The expected answer to the question. Example:

```
1.2
```

***

## **Complete Example**

```json theme={null}
train_dataset = [
  {
    "prompt": [
      {
        "role": "user",
        "content": [
          { "type": "image" },
          {
            "type": "text",
            "text": (
              "When a spring does work on an object, … provide your reasoning between <think> and </think> "
              "and then your final answer between <answer> and (put a float here) </answer>"
            )
          }
        ]
      }
    ],
    "image": "images/cumin_canister_spring.jpg", 
    "answer": "1.2",
  },
]
```

***

## Reward functions

Depending on the dataset structure and task objectives, you may need to define reward functions for model training. These reward functions are accepted by the trainer through a special `reward_models.py` file. This sections outlines (with examples) the standard method for providing custom reward functions.
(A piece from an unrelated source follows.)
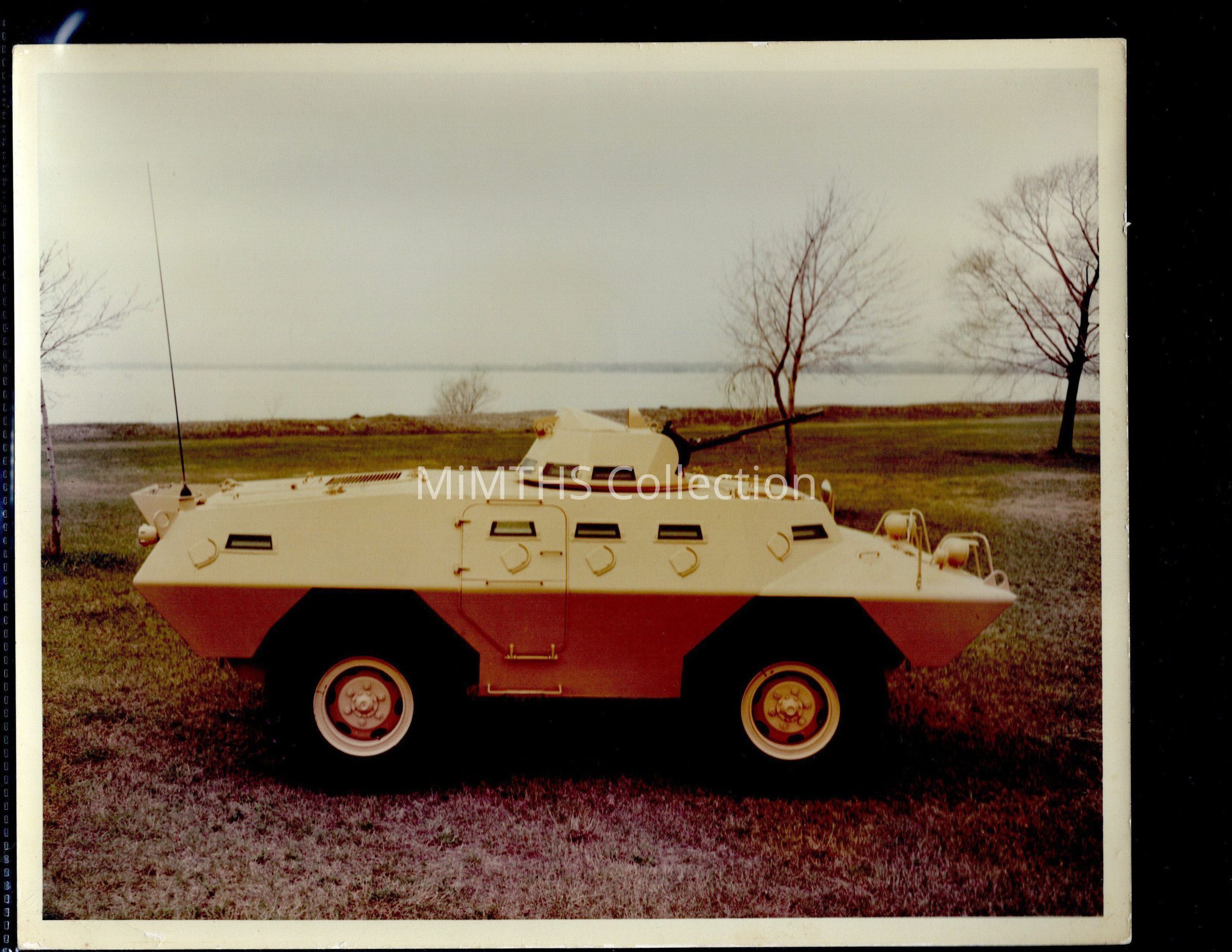 A side angle view of a Cadillac Gage v100 commando in desert tan paint.Photograph Details

Users should define their reward functions in a file named `reward_models.py`, which must expose a list named `reward_functions` containing callable functions.

<Note>
  The **reward functions** list is then passed directly to GRPOTrainer like so: \
  \
  `GRPOTrainer(reward_functions=reward_functions, **kwargs)`
</Note>

***

## Example implementation

```python theme={null}
from your_tags import reasoning_start, reasoning_end, solution_start, solution_end
import re
from typing import Callable, List

def formatting_reward_func(completions, **kwargs) -> List[float]:
    """
    Rewards the presence of both reasoning and answer tags in the model's output.
    """
    thinking_pattern = f'{reasoning_start}(.*?){reasoning_end}'
    answer_pattern   = f'{solution_start}(.*?){solution_end}'
    scores = []

    for completion in completions:
        text    = completion[0]['content']
        score   = 0.0
        if len(re.findall(thinking_pattern, text, re.DOTALL)) == 1:
            score += 1.0
        if len(re.findall(answer_pattern, text, re.DOTALL)) == 1:
            score += 1.0
        scores.append(score)

    return scores


def correctness_reward_func(prompts, completions, answer, **kwargs) -> List[float]:
    """
    Rewards exact match of the numeric answer within the <answer> tags.
    """
    answer_pattern = f'{solution_start}(.*?){solution_end}'
    responses = [
        re.findall(answer_pattern, comp[0]['content'], re.DOTALL)
        for comp in completions
    ]

    # Example debug print
    q     = prompts[0][-1]['content']
    a     = answer[0]
    resp0 = completions[0][0]['content']
    print("-"*20, f"Q: {q}\nA: {a}\nR: {resp0}")

    return [
        2.0 if len(r)==1 and r[0].strip()==str(a) else 0.0
        for r in responses
    ]

reward_functions: List[Callable] = [formatting_reward_func, correctness_reward_func]
```

***

* `formatting_reward_func` checks that `<think>…</think>` and `<answer>…</answer>` appear exactly once.
* `correctness_reward_func` validates the extracted answer matches the ground truth.